Studies show that model selection, training strategy, and hyperparameter search are some of the most impactful ways to reduce energy consumption in Green AI.
Once I started instrumenting my work, I was able to:
- Stop running wasteful experiments
- Justify model choices with cost + carbon + accuracy, not just leaderboard scores
- Make AI accessible to teams without infinite GPU budgets
It all starts with a few simple metrics.
Metrics I Now Log for Every ML Experiment
You don’t need to become an energy engineer. At the experiment level, these four metrics are enough:
- GPU/CPU time (resource usage)
- Energy (kWh)
- CO₂ emissions (kg)
- Cloud cost ($)
Here's how I define them in practice.
1. GPU time: The simplest “green” metric
For each experiment:
gpu_hours = num_gpus × training_time_hourscpu_hours, if CPU-heavy (traditional ML, data preprocessing)
Most cloud providers expose runtime info; you can also derive it from training logs.
2. From time to energy (kWh)
Energy can be estimated as:
Energy (kWh) = Average Power (W) × Time (hours) / 1000
Example: GPU drawing ~300 W for 5 hours:
Energy ≈ 300 W × 5 h / 1000 = 1.5 kWh
You can measure or estimate power using:
- Data center telemetry/vendor tooling (e.g., NVIDIA DCGM)
- Open-source libraries like CodeCarbon, which convert usage to kWh
Validation studies on tools like CodeCarbon and other “ML impact calculators” show they’re not perfect for absolute values, but they’re good enough for comparative analysis:
"Experiment A vs.

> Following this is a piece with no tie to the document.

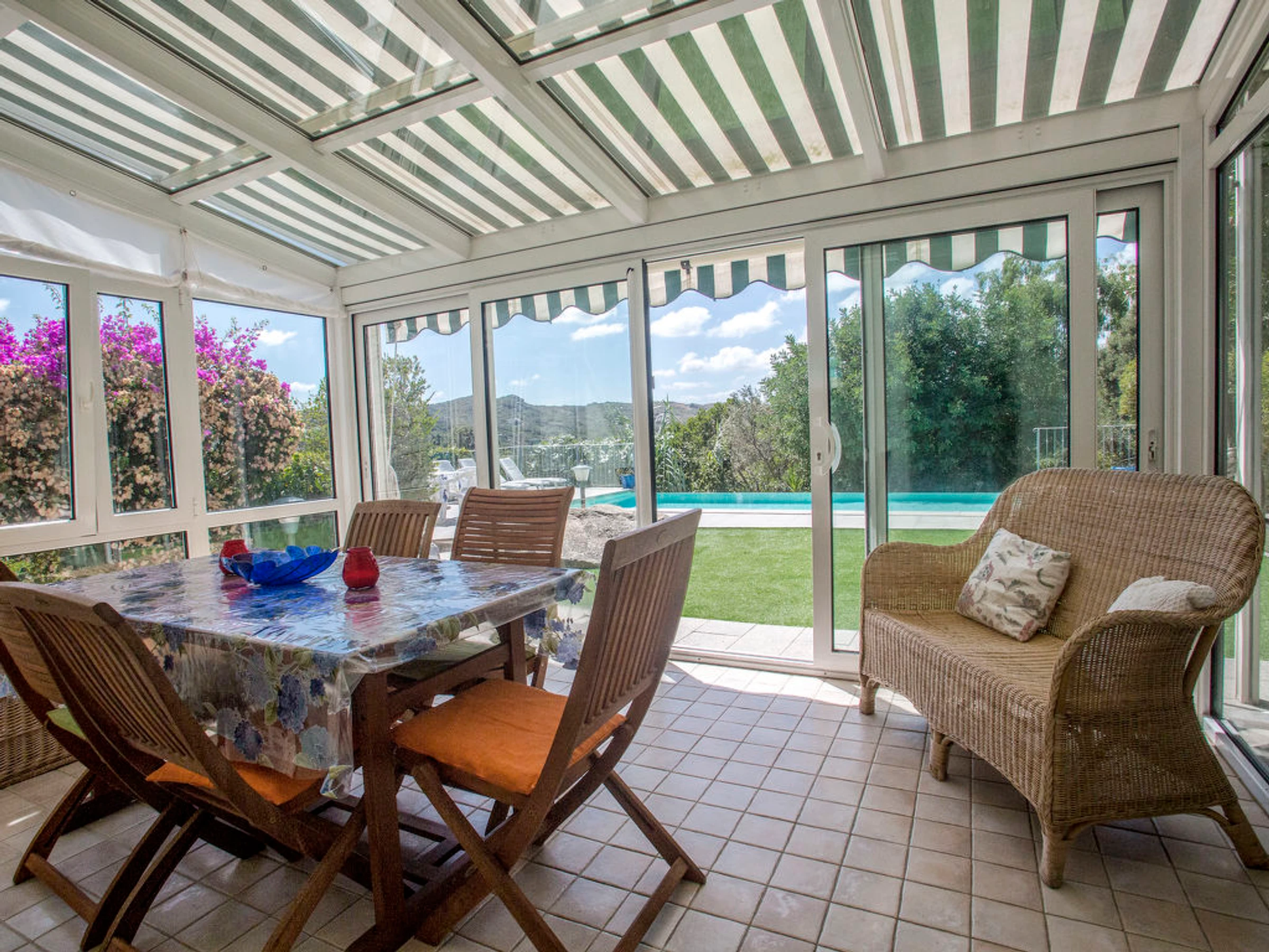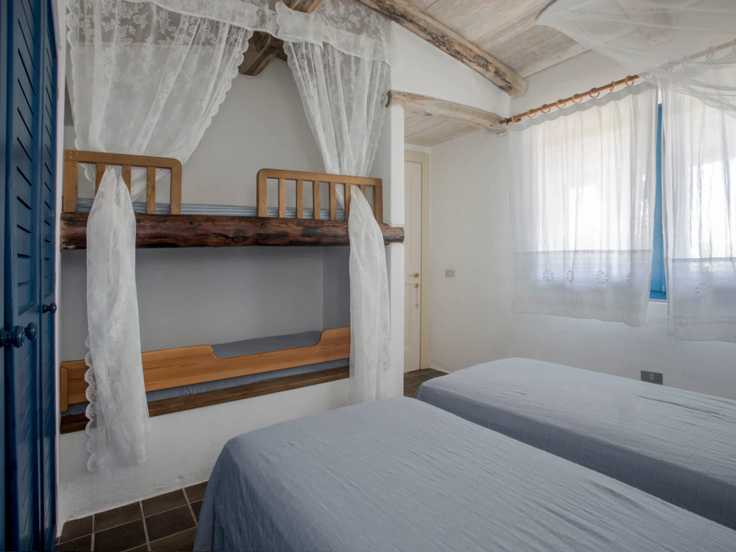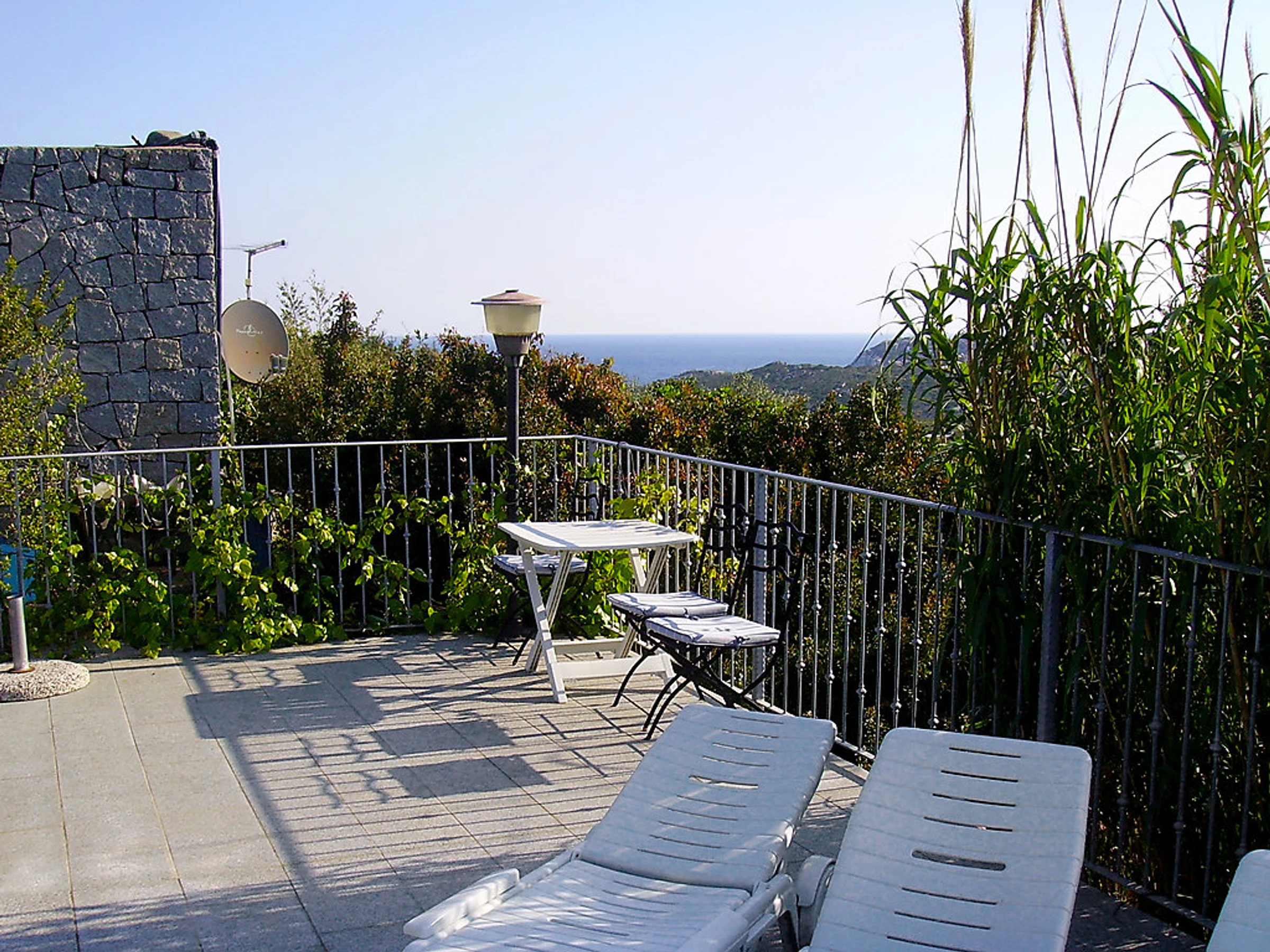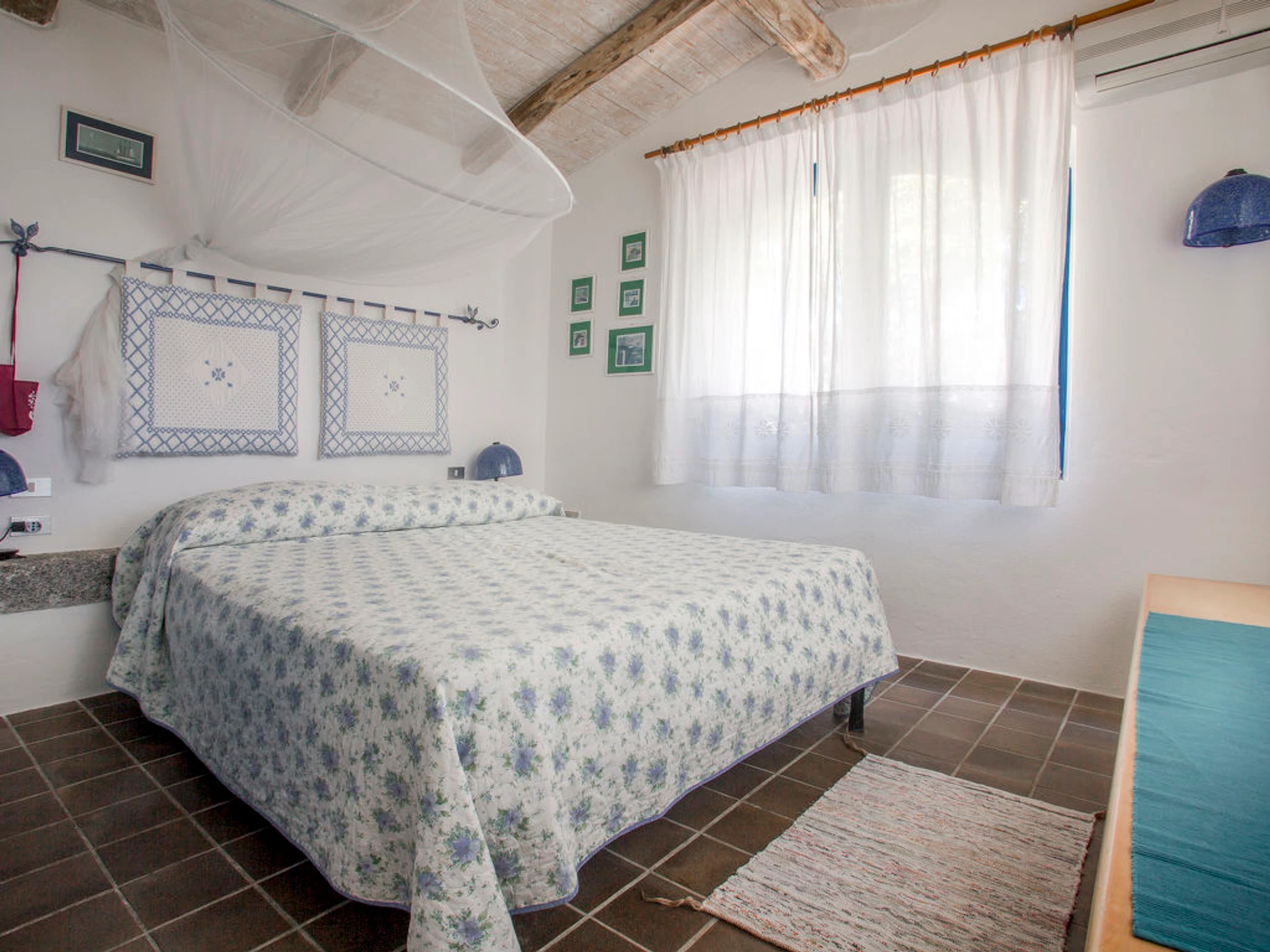 Porto Quadro 3 km von Santa Teresa Gallura: Gemütliche Villa "La Loggia", umgeben von Bäumen und Wiesen. 4 km vom Zentrum, ruhige, sonnige, erhöhte Lage im Villenviertel, 800 m vom Meer. Zur Alleinbenutzung: Garten 1'200 m2 (eingezäunt), Schwimmbad (4 x 8 m, 130 - 160 cm tief, 01.06.-30.09.). Aussendusche. Haushaltshilfe täglich möglich (extra). Parkplatz beim Haus. Einkaufsgeschäft 3 km, Lebensmittelgeschäft 3 km, Supermarkt 3 km, Restaurant 3 km, Sandstrand 800 m. Bitte beachten: Fahrzeug empfohlen.

B - which one is cheaper and cleaner for similar performance?"
That's usually what I care about.
3. From energy to CO₂ (kgCO₂)
Multiply energy by your grid’s carbon intensity:
CO₂ (kg) ≈ Energy (kWh) × CI (kgCO₂/kWh)
Rough ranges:
- US average: 0.38–0.40 kgCO₂/kWh
- Hydropower-heavy grids (Norway): a few grams per kWh
- Coal-heavy grids: much higher
Tools like CodeCarbon embed region-specific intensities, so you often don’t need to calculate manually.
4. From time to dollars ($)
For cloud GPUs, the cost is straightforward:
Cost ($) = GPU_hours × price_per_GPU_hour
Typical on-demand costs:
- A100 80GB: ~$1–$3/hour
- H100: ~$3–$8/hour, depending on provider and discounts
Spot/discounted instances can be much cheaper, but also less reliable. Even rough cost tracking is enough to show that brute-force grid searches aren’t free.

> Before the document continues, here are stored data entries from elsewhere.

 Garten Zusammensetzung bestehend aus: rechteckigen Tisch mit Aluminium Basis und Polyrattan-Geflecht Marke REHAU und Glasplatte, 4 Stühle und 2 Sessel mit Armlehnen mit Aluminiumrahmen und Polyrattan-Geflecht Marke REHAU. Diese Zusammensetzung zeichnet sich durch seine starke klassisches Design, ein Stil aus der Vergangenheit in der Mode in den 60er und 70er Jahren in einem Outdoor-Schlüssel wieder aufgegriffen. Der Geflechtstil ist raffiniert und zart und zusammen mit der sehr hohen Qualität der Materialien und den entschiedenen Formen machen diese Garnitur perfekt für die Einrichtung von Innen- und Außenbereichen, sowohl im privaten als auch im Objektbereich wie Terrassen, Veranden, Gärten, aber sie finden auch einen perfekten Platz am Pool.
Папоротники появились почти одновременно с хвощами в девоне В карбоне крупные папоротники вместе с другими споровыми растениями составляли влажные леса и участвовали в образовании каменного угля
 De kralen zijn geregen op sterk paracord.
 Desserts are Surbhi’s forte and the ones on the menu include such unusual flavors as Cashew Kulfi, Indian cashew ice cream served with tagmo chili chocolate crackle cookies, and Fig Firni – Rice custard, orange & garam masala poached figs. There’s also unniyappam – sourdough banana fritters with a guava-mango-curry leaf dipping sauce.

Once you start tagging experiments with $, some "fun" ideas suddenly look much less fun.
Tooling I Use: CodeCarbon and Friends
There's a small ecosystem of tools for estimating emissions from ML workloads. The one I tend to reach for is:
- CodeCarbon: A Python library to determine the power consumption of CPU/GPU/RAM and convert it into CO₂ emission based on your location and grid intensity, and integrates with experiment trackers such as Comet.

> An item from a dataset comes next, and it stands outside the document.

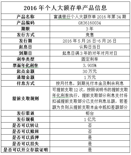 我行定于2016年5月26日至6月26日发行个人大额存单2016年第34期产品,产品具体信息如下:

- CarbonTracker, experiment-impact-tracker, Green Algorithms, MLCO2 - have been reviewed in recent energy footprint studies of NLP and ML workloads.
Most of them follow the same pattern:
- Hook into your training script
- Estimate power use and sample hardware utilization
- Add up the total kWh and CO₂
- Write results to a log file, JSON, or experiment tracker.
Here’s a minimal CodeCarbon integration similar to what I use.
Minimal Example: Logging Energy and CO₂ for a Training Run
Install CodeCarbon: pip install codecarbon
Wrap your training script:
from codecarbon import EmissionsTracker
import torch
from torch.utils.data import DataLoader
from my_model import MyModel, MyDataset
def train_one_epoch(model, dataloader, optimizer, device):
model.train()
for batch in dataloader:
inputs, targets = batch
inputs, targets = inputs.to(device), targets.to(device)
optimizer.zero_grad()
outputs = model(inputs)
loss = torch.nn.functional.cross_entropy(outputs, targets)
loss.backward()
optimizer.step()
def main():
device = torch.device("cuda" if torch.cuda.is_available() else "cpu")
model = MyModel().to(device)
optimizer = torch.optim.Adam(model.parameters(), lr=1e-3)
train_loader = DataLoader(MyDataset("train"), batch_size=64, shuffle=True)
# 1) Start tracker (set your region if you know it)
tracker = EmissionsTracker(
project_name="resnet_baseline",
country_iso_code="USA", # or specific country/region
)
tracker.start()
num_epochs = 10
for epoch in range(num_epochs):
train_one_epoch(model, train_loader, optimizer, device)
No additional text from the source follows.